Task directions: Reprint all records below exactly. No images.
(Record extracts Opens)
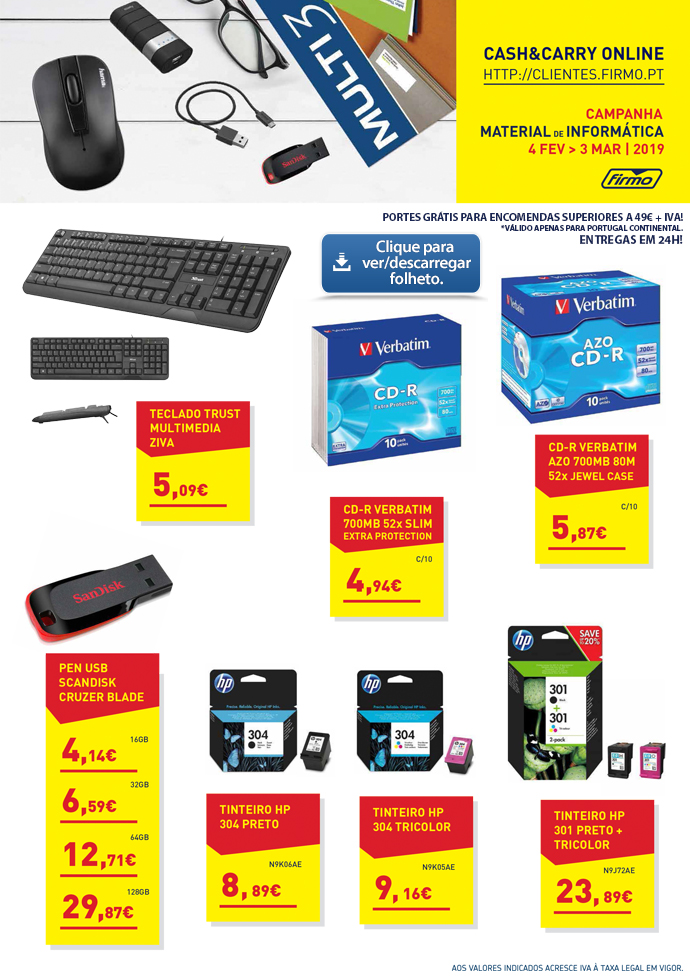Assunto: Folheto MATERIAL de INFORMÁTICA | Fevereiro 2019 - Cash&Carry Online FIRMO | Aceda já!
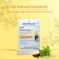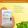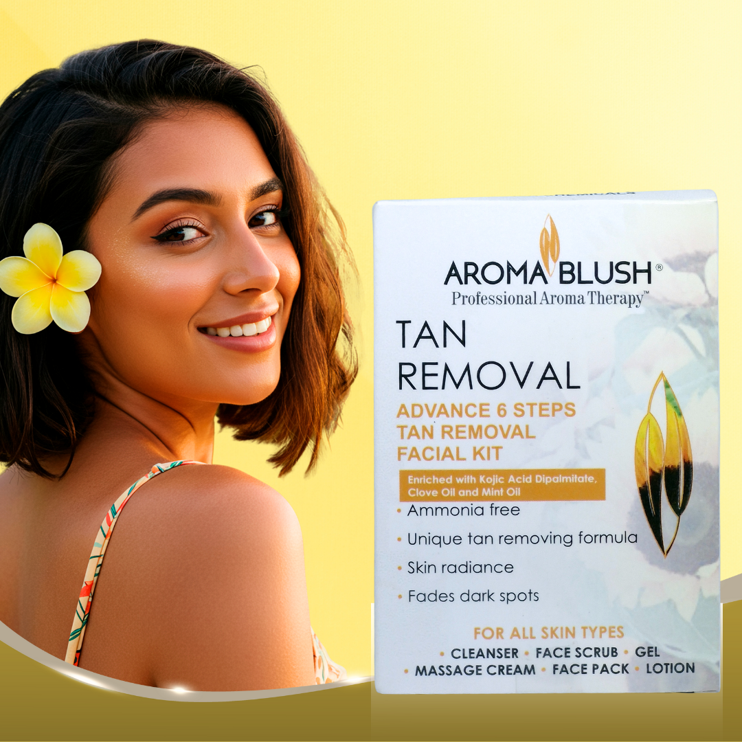 Uneven skin tone, sun damage, and tanning can dull your natural glow—but not anymore. The AromaBlush Tan Removal Facial Kit is a 6-step, one-time-use skincare ritual that helps reverse sun tan, refresh tired skin, and restore your natural radiance. Enriched with Kojic Acid Dipalmitate, Clove Oil, and Mint Oil, this salon-style facial kit is designed to deeply cleanse, exfoliate, detoxify, and cool the skin, giving you a brighter, smoother, and more even-toned complexion in just one use.
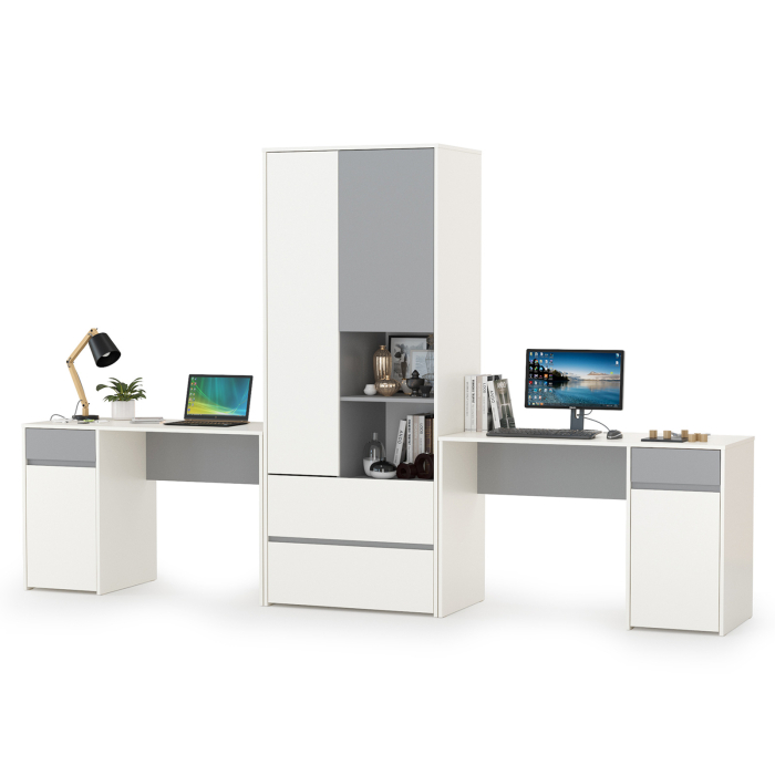 Шкаф оборудован горизонтальной штангой для одежды на плечиках за дверкой с одной стороны. С другой три полки, верхние две за распашной дверкой. В нижней части шкаф располагат двумя выдвижными ящиками на шариковых направляющих полного выдвижения обеспечивают длительную и тихую эксплуатацию. На внутренней стороне дверки отделения с штангой расположено зеркало. Шкаф для одежды Торонто 13.333 собирается на любую сторону, что позволяет расширить возможности по расстановке мебели. Распашные двери шкафа на четырёхшарнирных петлях без доводчиков. Конструктивно каждый стол включает всестительную столешницу и тумбу под ней. Тумба каждого стола имеет удобное распашное отделение с полкой внутри и выдвижным ящиком над ним на шариковых направляющих полного выдвижения. Универсальная сборка - сторону расположения тумбы Вы определяете сами. Отсутствие лицевой фурнитуры и открывание фасадов за край - не только стилевое, но функциональное решение. Так мебель занимает меньше места и дает возможность проходить вплотную с фасадом без риска зацепиться за ручку или травмироваться. Базовый белый цвет, сочетаясь с акцентным серым, создаёт нейтральную основу интерьера, чтобы подчеркнуть личные вещи и аксессуары. Корпуса и фасады мебели изготовлены из экологически чистой ламинированной ДСП 16 мм, торцы окромлены ПХВ плёнкой 0,4 мм. В производстве молодёжной Торонто использованы качественные материалы и фурнитура - можно разрабатывать проект на весь период обучения. Поставляется компьютерные столы и шкаф для одежды Торонто № 17 в разобранном виде, надёжно упакованной в гофрокартон, с приложенной подробной инструкцией по сборке.
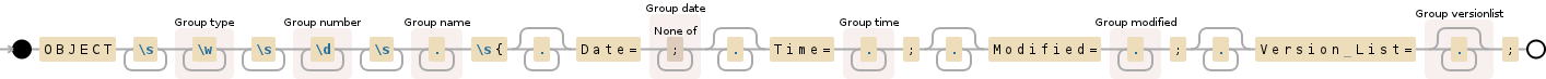 OBJECT\s+(?<type>\w+)\s+(?<number>\d+)\s+(?<name>.+?)\s{.*?Date=(?<date>[^;]+).*?Time=(?<time>.+?);.*?Modified=(?<modified>.+?);.*?Version List=(?<versionlist>.*?);
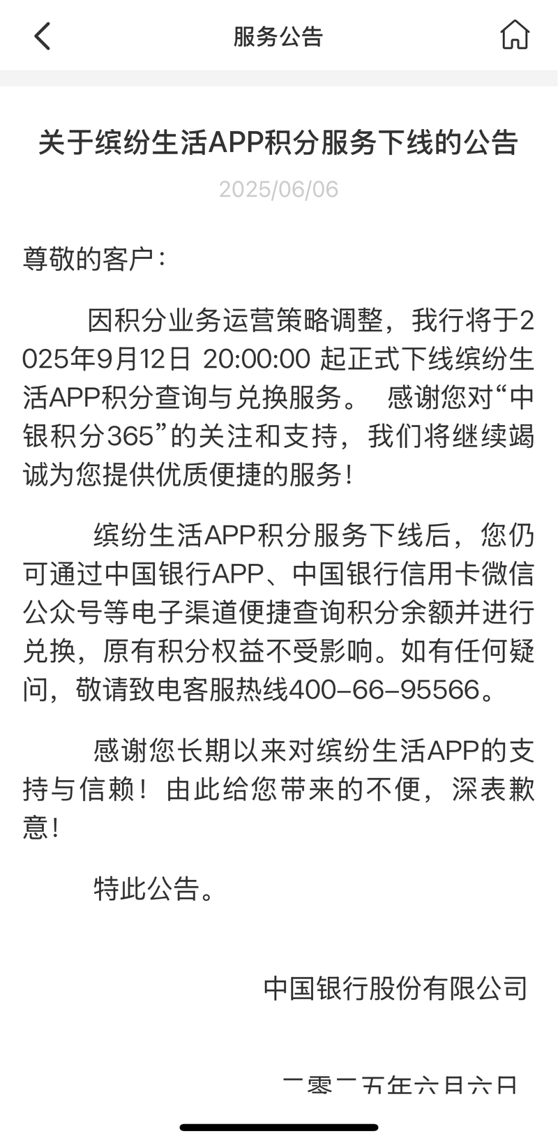 早在往年6月,中国银行就已经宣告通告称,将于9月12日20:00起正式下线“缤纷生涯”APP积分查问与兑换功能。当初,相关歇业已经在“缤纷生涯”APP中下线。
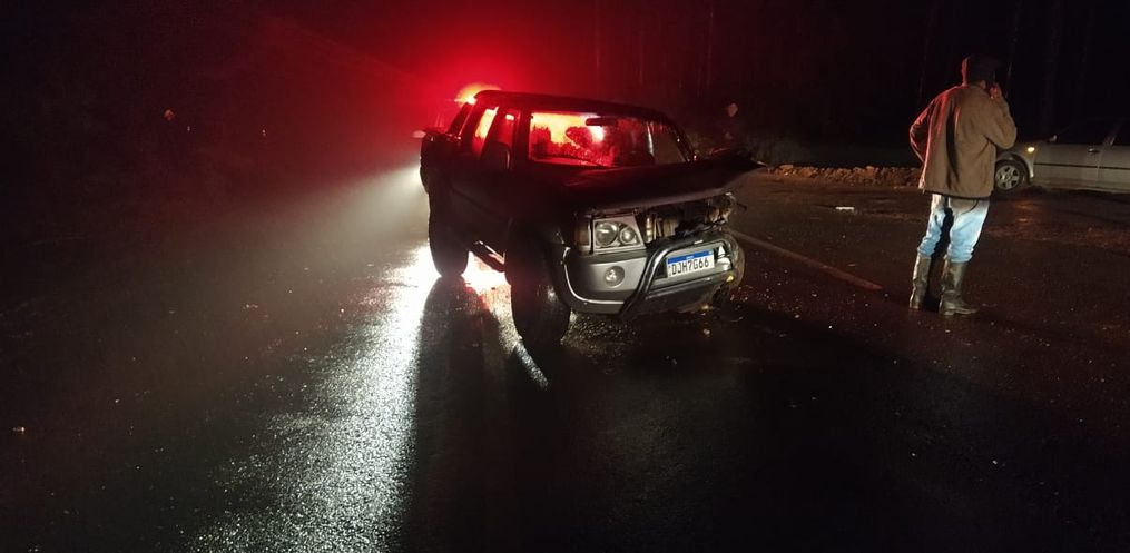No início da noite desta terça, 13, a Policia Militar Rodoviária, registrou a colisão frontal entre dois veículos, sendo uma camionete Mitsubishi L200 de Anchieta e um Corsa com placas de Palma Sola.
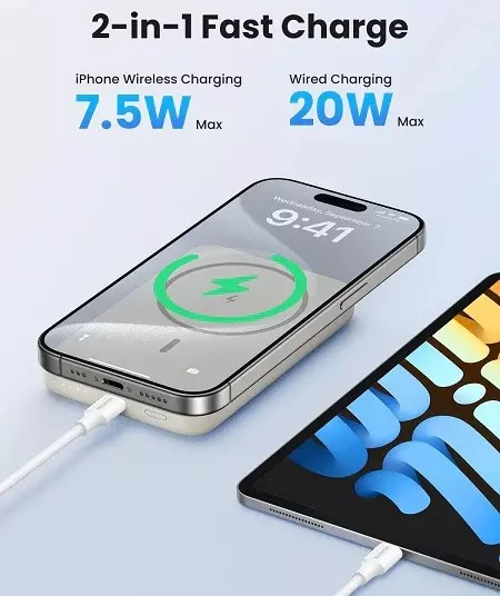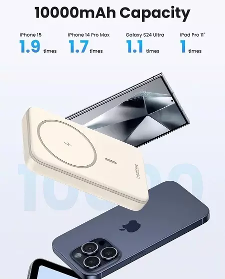 ·        Snap and Charge for iPhone 12-15 series: With a simple touch, UGREEN Magnetic Wireless Power Bank attaches to the back of your iPhone 15 Pro Max without worrying about charging cables or slipping off while charging. It is designed for iPhone15, iPhone15 plus, iPhone15 Pro, iPhone15 Pro Max, iPhone 14, iPhone 14 Pro Max and iPhone 13, 12 Series
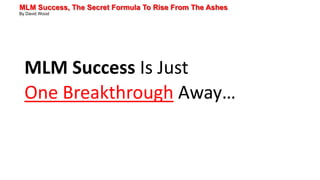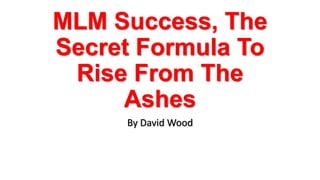 The document discusses the secret formula for MLM success according to David Wood. The three key points of the formula are:
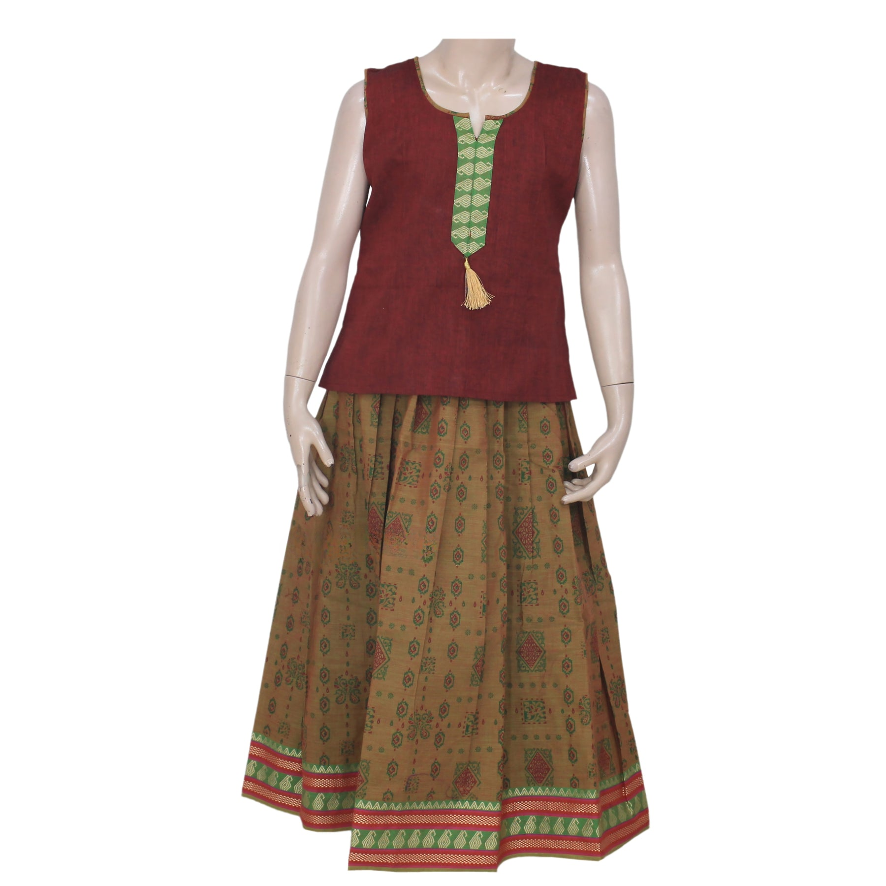 Elegant Maroon Pure Cotton Pattu Pavadai
(Record extracts Closes)
Reply:
Assunto: Folheto MATERIAL de INFORMÁTICA | Fevereiro 2019 - Cash&Carry Online FIRMO | Aceda já!
 Uneven skin tone, sun damage, and tanning can dull your natural glow—but not anymore. The AromaBlush Tan Removal Facial Kit is a 6-step, one-time-use skincare ritual that helps reverse sun tan, refresh tired skin, and restore your natural radiance. Enriched with Kojic Acid Dipalmitate, Clove Oil, and Mint Oil, this salon-style facial kit is designed to deeply cleanse, exfoliate, detoxify, and cool the skin, giving you a brighter, smoother, and more even-toned complexion in just one use.
 Шкаф оборудован горизонтальной штангой для одежды на плечиках за дверкой с одной стороны. С другой три полки, верхние две за распашной дверкой. В нижней части шкаф располагат двумя выдвижными ящиками на шариковых направляющих полного выдвижения обеспечивают длительную и тихую эксплуатацию. На внутренней стороне дверки отделения с штангой расположено зеркало. Шкаф для одежды Торонто 13.333 собирается на любую сторону, что позволяет расширить возможности по расстановке мебели. Распашные двери шкафа на четырёхшарнирных петлях без доводчиков. Конструктивно каждый стол включает всестительную столешницу и тумбу под ней. Тумба каждого стола имеет удобное распашное отделение с полкой внутри и выдвижным ящиком над ним на шариковых направляющих полного выдвижения. Универсальная сборка - сторону расположения тумбы Вы определяете сами. Отсутствие лицевой фурнитуры и открывание фасадов за край - не только стилевое, но функциональное решение. Так мебель занимает меньше места и дает возможность проходить вплотную с фасадом без риска зацепиться за ручку или травмироваться. Базовый белый цвет, сочетаясь с акцентным серым, создаёт нейтральную основу интерьера, чтобы подчеркнуть личные вещи и аксессуары. Корпуса и фасады мебели изготовлены из экологически чистой ламинированной ДСП 16 мм, торцы окромлены ПХВ плёнкой 0,4 мм. В производстве молодёжной Торонто использованы качественные материалы и фурнитура - можно разрабатывать проект на весь период обучения. Поставляется компьютерные столы и шкаф для одежды Торонто № 17 в разобранном виде, надёжно упакованной в гофрокартон, с приложенной подробной инструкцией по сборке.
 OBJECT\s+(?<type>\w+)\s+(?<number>\d+)\s+(?<name>.+?)\s{.*?Date=(?<date>[^;]+).*?Time=(?<time>.+?);.*?Modified=(?<modified>.+?);.*?Version List=(?<versionlist>.*?);
 早在往年6月,中国银行就已经宣告通告称,将于9月12日20:00起正式下线“缤纷生涯”APP积分查问与兑换功能。当初,相关歇业已经在“缤纷生涯”APP中下线。
No início da noite desta terça, 13, a Policia Militar Rodoviária, registrou a colisão frontal entre dois veículos, sendo uma camionete Mitsubishi L200 de Anchieta e um Corsa com placas de Palma Sola.
 ·        Snap and Charge for iPhone 12-15 series: With a simple touch, UGREEN Magnetic Wireless Power Bank attaches to the back of your iPhone 15 Pro Max without worrying about charging cables or slipping off while charging. It is designed for iPhone15, iPhone15 plus, iPhone15 Pro, iPhone15 Pro Max, iPhone 14, iPhone 14 Pro Max and iPhone 13, 12 Series
 The document discusses the secret formula for MLM success according to David Wood. The three key points of the formula are:
 Elegant Maroon Pure Cotton Pattu Pavadai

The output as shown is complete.